My most recent book, Daughters Betrayed By Their Mothers: Moving From Brokenness To Wholeness, is the most professionally challenging but personally rewarding book I've written. It took two years of research and writing to complete the first rough draft. It took another six months to get to a final draft. A printed edition and a Kindle  edition were released February 14, 2018. An Audiobook was released May 2, 2018. It has been an Amazon #1 New Release in Recovery for several weeks.

Last week, my husband and I traveled to California and then back to Arizona. Driving to and from, we listened to the Daughters Audiobook. As I soaked in every beautiful interpretation by recording artist  Kristine Bowen, I couldn't help but return to that classroom of a lifetime ago - Bonehead English - and recall my feelings of embarrassment and inferiority.

However, I didn't stay there long. Hearing my words on Audiobook, I chose instead to focus on my purposeful journey, and on each and every path that prepared me for where I am today. 

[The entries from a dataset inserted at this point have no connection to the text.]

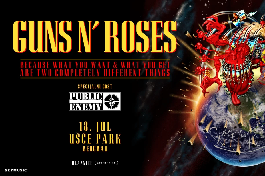Bend koji je redefinisao pojam rock'n'rolla 80-ih i 90-ih godina, poznat po svom divljem duhu, neponovljivoj energiji i pesmama koje su obeležile generacije, nastupiće pred beogradskom publikom u punoj snazi – predvođen legendarnim Axlom Roseom, uz podršku Slasha i Duffa McKagana. Kao predgrupa nastupiće pioniri hip – hopa, legendarni Public Enemy.
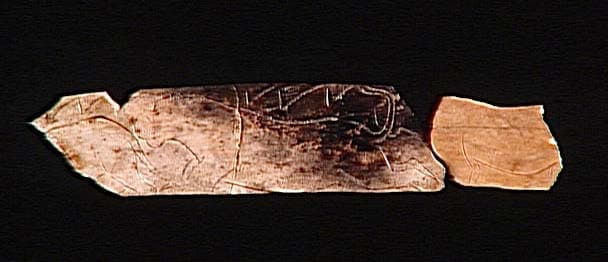 Salle Monique ; Niveau 4 ; Couche profonde ; Carré 180 ; Carré 196 Second fragment non brûlé, trouvé à environ un mètre du premier fragment
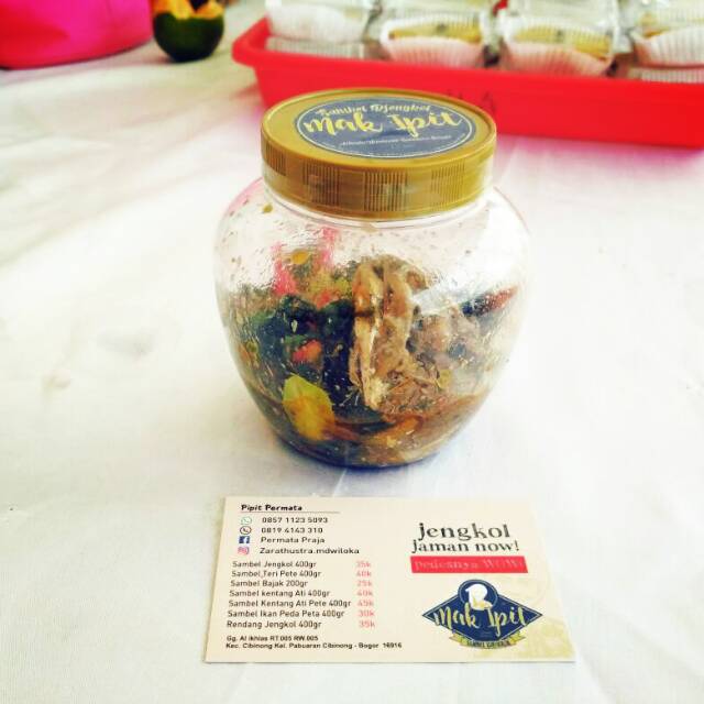 Sambal Peda Pete ini merupakan salah satu varian dari Sambel Djengkol Mak Ipit. Dibuat dari peda dan pete yang dipadukan dengan bumbu pilihan. Diolah oleh tangan2 trampil secara rumahan, sehingga sambal peda ini sangat cocok disantap langsung atawa dibawa sebagai oleh-oleh sanak famili.Tidaj mengandung bahan pengawet, ketahananya di suhu ruangan 3- 4 hari. Dimesin pendingin seminggu.

The lesson I leave with you is not to allow "set backs" to set you back. Take stock of what you are supposed to learn from it. And then, do learn from it. Not every situation will benefit you in the ways you want, but how you approach the challenge and your commitment to seeing it through will advance your repertoire of skills. Don't give up or give in. Stay the course. Remain open. And then, prepare yourself for something far greater than you ever imagined!

Oh, and by the way, where is  my musical companion - my flute?  She is close by, bearing witness to the years and years of practice required to deliver a polished performance!